Core Concepts
This page defines the key terms used throughout Transformer Lab and explains how they relate to each other.
Teams​
A team is a shared workspace for multiple users. Teams provide:
- Shared experiments — collaborate on the same research
- Shared compute providers — configured once, available to all members
- Quotas — team-level and per-user compute time limits
- Access control — role-based permissions (owner, member) with per-resource read/write rules
Experiments​
An experiment is the top-level container for organizing your work. It holds tasks, jobs, notes, and documents in one place. Think of it as a project folder for a line of research.
When you first use Transformer Lab, default experiments named alpha, beta, and gamma are created for you. You can create your own and name them however you like.
Everything you do — launching training runs, running evaluations, chatting with a model — happens inside an experiment.
Tasks​
A task is a specification for a piece of work. It defines what to run, what resources it needs, and where to run it.
Tasks are defined with a task.yaml file. Here's a minimal example:
name: fine-tune-llama
resources:
compute_provider: my-slurm-cluster
accelerators: 'NVIDIA'
num_nodes: 1
envs:
LEARNING_RATE: '0.001'
setup: |
pip install -r requirements.txt
run: |
python train.py
This is just a sample — task.yaml supports many more fields including GitHub repo integration, hyperparameter sweeps, and resource constraints. See the Task YAML Structure page for the full reference.
You can create tasks by uploading a YAML file, importing from a task gallery, or writing one from scratch in the built-in editor.

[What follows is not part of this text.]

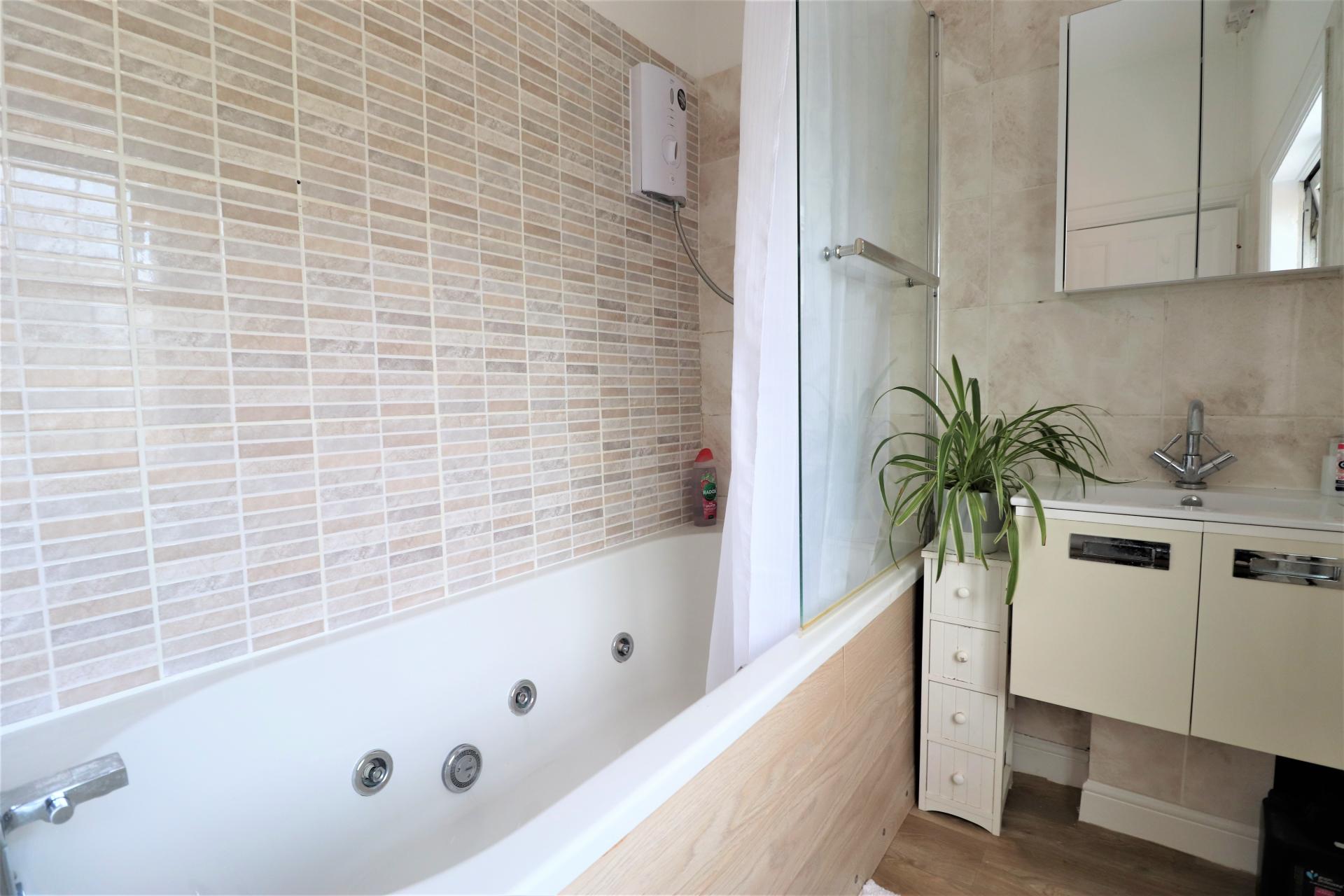Part tiled with a double glazed, leaded light window to the rear. Enclosed jacuzzi bath mixer tap. and wall mounted shower unit over. Wash hand basin with vanity cupboard below. Single panel radiator. Extractor unit.

A task is a reusable template — each time you launch it, it creates a new job.
Jobs​
A job is a running instance of a task. When you launch a task, Transformer Lab creates a job, routes it to a compute provider, and tracks it through its lifecycle:
- QUEUED — submitted, waiting for the provider
- LAUNCHING — setup script running, dependencies installing
- RUNNING — main command executing
- COMPLETE — finished successfully
- FAILED — exited with an error
- STOPPED — stopped by the user
Each job produces logs and may produce artifacts like trained model weights, evaluation results, or exported files.
Compute Providers​
A compute provider is the backend that actually runs your jobs. Transformer Lab is provider-agnostic — you can configure one or more of the following:
| Provider | Use Case |
|---|---|
| Local | Run on the machine hosting Transformer Lab |
| Slurm | Submit to an on-premise HPC cluster |
| SkyPilot | Orchestrate across multiple clouds |
| Runpod | Serverless GPU cloud |
| dstack | Open-source distributed compute |
| Nebius | Cloud GPU provider |
| Vast.ai | GPU cloud marketplace |
| AWS / GCP / Azure | Direct cloud VM provisioning |
When you launch a task, Transformer Lab translates your resource requirements into the provider's native format (e.g., an sbatch command for Slurm, a VM launch for cloud providers) and handles monitoring and log retrieval.